In the harbour of Port Vila, a husband awaits scientific explanation of his wife's agonising end.

Doug Nash and Silvia Fink met and fell in love on a yacht. After their 2007 marriage, the Windcastle took them to the still-warm lava of the Galapagos Islands, to Tonga, where they met the Pacific's last king, and on to New Zealand, surviving a ''pasting'' on the famously rough crossing.

''She was just crew but she ended up staying five years,'' Nash says. ''We had a tremendously successful romance and developed a great partnership. Our goal was a complete circumnavigation, but that came to a screeching halt in August.''

Their boat now floats on a mooring in Port Vila harbour, Vanuatu, riding out the cyclone season. By the time it sets sail again, at least nine months will have passed since it was the scene of 56-year-old Silvia's sudden and mysterious death. In the meantime, her widower waits, and waits.

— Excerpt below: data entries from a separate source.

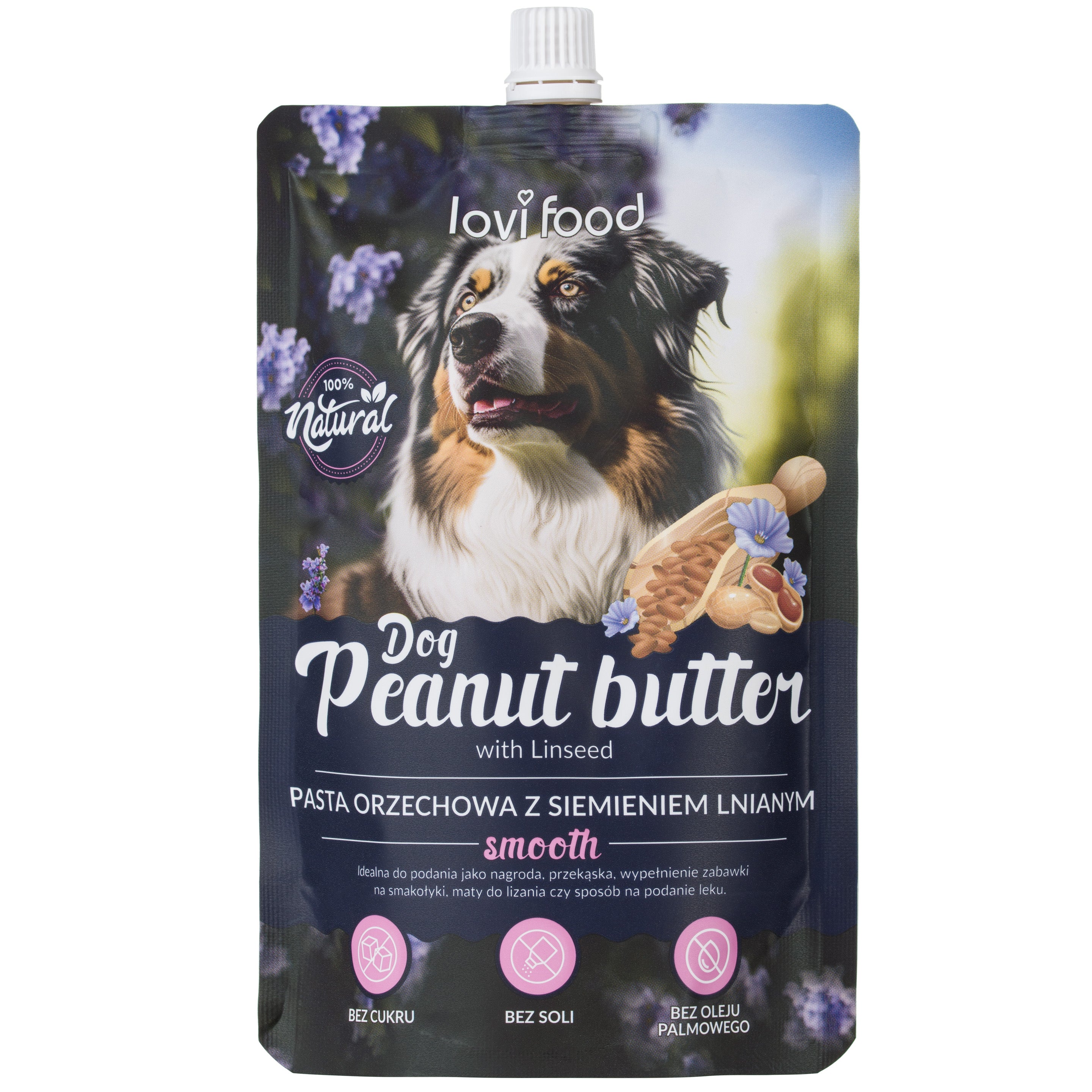 Lovi Food Peanut Butter with Linseed is a delicious, vegan treat for dogs and cats, rich in nutrients and perfect for health and beauty.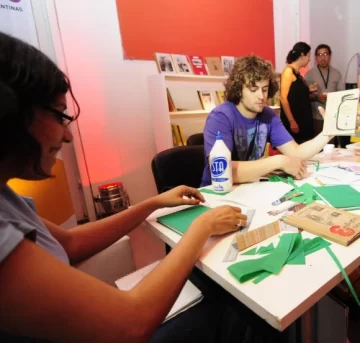 Los destacados fueron de Editorial Funesiana y de la cooperativa Eloisa Cartonera. Más de 50 personas participaron y aprendieron técnicas de cómo editar y producir sus propios libros de manera artesanal, económica y colectiva. Aprovechando los materiales reciclables y muy fáciles de adquirir, se pudieron encuadernar a mano las obras que uno quisiera. Las herramientas tradicionales de la escuela como el lápiz, la escuadra, la tijera, papel, plásticola, cartón y temperas fueron las más recurrentes a la hora de trabajar. Lucas Oliveira (Funesiana) y Santiago Vega junto a Mónica Gómez (Eloisa), enseñaron como encuadernar con cartón gris o corrugado. "Aplicamos la encuadernación con libros de poemas de Leonidas Escudero. Los imprimimos y cosemos con aguja, hilo y cartón. Es una manera de rescatar la bibliofilia, donde se pueden lograr proyectos editoriales económicos y rentables con calidad artesanal que no ve comúnmente", dijo el tallerista Oliveira. Y agregó: "hoy un libro nuevo cuesta entre 50 y 100 pesos, aquí nos sale 6 por cada obra, la diferencia está en producir más libros de la manera más fácil posible".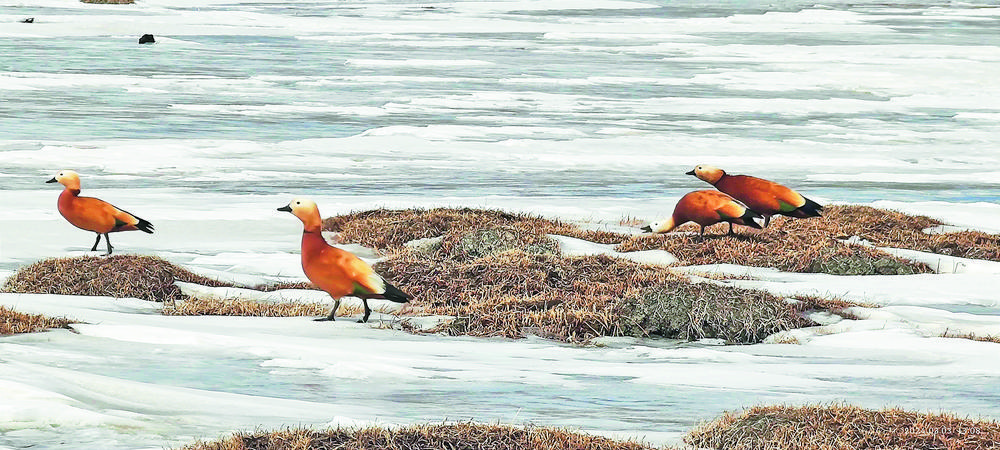 3月8日,青海省玉樹藏族自治州隆寶灘國際重要濕地迎來春天首批赤麻鴨12只,身披赤黃褐色的“彩衣”赤麻鴨,或游走在草灘上棲息覓食,或展翅翱翔天空,或在冰面上歇息,讓隆寶灘國際重要濕地在春季充滿了勃勃生機(jī)。

Nash's nightmare began after sailing from Vila to the island of Epi, 145 kilometres north, on an August day after the island's annual canoe-race festival. Lamen Bay was lively when they dropped anchor and Silvia spent an evening playing with village children, teaching them how to dance.

The following day, anchored in the bay, she took MMS - Miracle Mineral Solution, a compound she had bought from fellow sailors, a Belgian and a Californian, who had assured her it would ward off malaria in the Solomon Islands, Nash and Fink's next destination.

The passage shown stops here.